How to estimate feature importance and perform feature selection with XGBoost in Python

By Deepnote team

•

Updated on November 23, 2023

Techniques for feature importance and selection with XGBoost.

Using ensemble decision tree methods like gradient boosting in XGBoost offers the advantage of automatically estimating feature importance in a predictive model. This article will guide you through estimating feature importance with Python's XGBoost library, plotting these importances, and leveraging them for feature selection.

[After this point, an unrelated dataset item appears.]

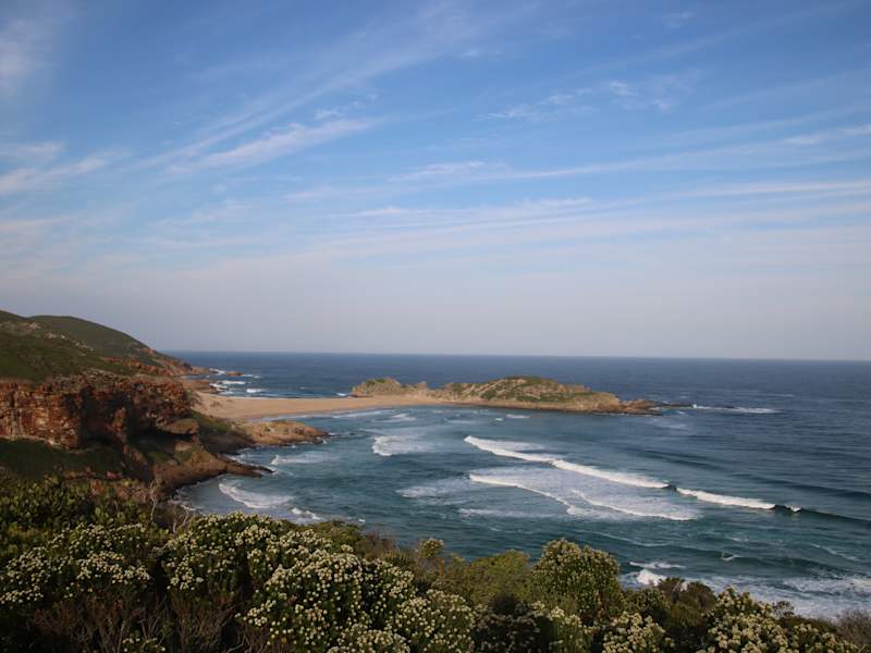 Wir waren an einem Sonntag im afrikanischen Winter dort und bekamen trotzdem einen Parkplatz. Zunächst hatten wir vor, links herum an der Küste entlang, hier trafen wir auch einen Hai-Beobachter, aber hierzu muss man im weiteren Verlauf schon ziemlich schwindelfrei sein, so dass wir zurückkehrten. Anschließend liefen wir geradeaus vom PP auf dem Sattel und kamen an einen wunderschönen Aussichtspunkt, The Gap genannt. Hier hat man Blick auf das Meer und nach Norden Richtung Plettenberg, aber noch schöner nach Süden auf eine unendlich lange Sandbucht. Ab diesem Punkt muss man wieder schwindelfrei sein und für den steilen Abstieg feste Schuhe anhaben. Leider fehlte der Hinweis auf Trittsicher- und Schwindelfreiheit!

How to calculate feature importance with the gradient boosting algorithm

In gradient boosting, feature importance is a measure of how valuable each feature is in the construction of the boosted decision trees. It is determined by the extent to which each feature improves the model's performance, weighted by the number of observations affected by the feature's split point. This importance is computed for each feature, allowing for a comparative ranking.

How to manually plot feature importance in Python using XGBoost

XGBoost's trained model includes a feature_importances_ member variable that contains these scores. To visualize the importance, you can use a bar chart. Here’s how you can do it:

from xgboost import XGBClassifier
from matplotlib import pyplot
import numpy as np

# Example: Using the Pima Indians Diabetes dataset
dataset = np.loadtxt('pima-indians-diabetes.csv', delimiter=",")
X, y = dataset[:, 0:8], dataset[:, 8]

model = XGBClassifier()
model.fit(X, y)

pyplot.bar(range(len(model.feature_importances_)), model.feature_importances_)
pyplot.show()

[ 0.089701    0.17109634  0.08139535  0.04651163  0.10465116  0.2026578
  0.1627907   0.14119601]

Using XGBoost's built-in feature importance plot

XGBoost simplifies this process with a built-in plot_importance()function, automatically ordering features by importance:

from numpy import loadtxt
from xgboost import XGBClassifier
from xgboost import plot_importance
from matplotlib import pyplot

# load data
dataset = loadtxt('pima-indians-diabetes.csv', delimiter=",")

# split data into X and y
X = dataset[:,0:8]
y = dataset[:,8]

# fit model no training data
model = XGBClassifier()
model.fit(X, y)

# plot feature importance
plot_importance(model)
pyplot.show()

How to use XGBoost feature importance scores for feature selection

Scikit-learn's SelectFromModel class can use these importance scores for feature selection. This involves training a model on the full set of features, then using the importance scores to select a subset of features for the final model. Here's an example:

from sklearn.feature_selection import SelectFromModel
from sklearn.model_selection import train_test_split
from sklearn.metrics import accuracy_score

X_train, X_test, y_train, y_test = train_test_split(X, y, test_size=0.33, random_state=7)
model.fit(X_train, y_train)

thresholds = np.sort(model.feature_importances_)
for thresh in thresholds:
    selection = SelectFromModel(model, threshold=thresh, prefit=True)
    select_X_train = selection.transform(X_train)
    selection_model = XGBClassifier()
    selection_model.fit(select_X_train, y_train)
    select_X_test = selection.transform(X_test)
    y_pred = selection_model.predict(select_X_test)
    accuracy = accuracy_score(y_test, y_pred)
    print(f"Threshold={thresh:.3f}, Features={select_X_train.shape[1]}, Accuracy: {accuracy*100:.2f}%")

Accuracy: 77.95%
Thresh=0.071, n=8, Accuracy: 77.95%
Thresh=0.073, n=7, Accuracy: 76.38%
Thresh=0.084, n=6, Accuracy: 77.56%
Thresh=0.090, n=5, Accuracy: 76.38%
Thresh=0.128, n=4, Accuracy: 76.38%
Thresh=0.160, n=3, Accuracy: 74.80%
Thresh=0.186, n=2, Accuracy: 71.65%
Thresh=0.208, n=1, Accuracy: 63.78%

Summary

This tutorial covered how to calculate, plot, and utilize feature importance scores in XGBoost for Python. Starting from understanding the concept of feature importance in gradient boosting, we demonstrated plotting these importances and using them in feature selection. The practical implementation shows how feature selection can impact model performance, aiding in the decision of balancing model complexity and accuracy.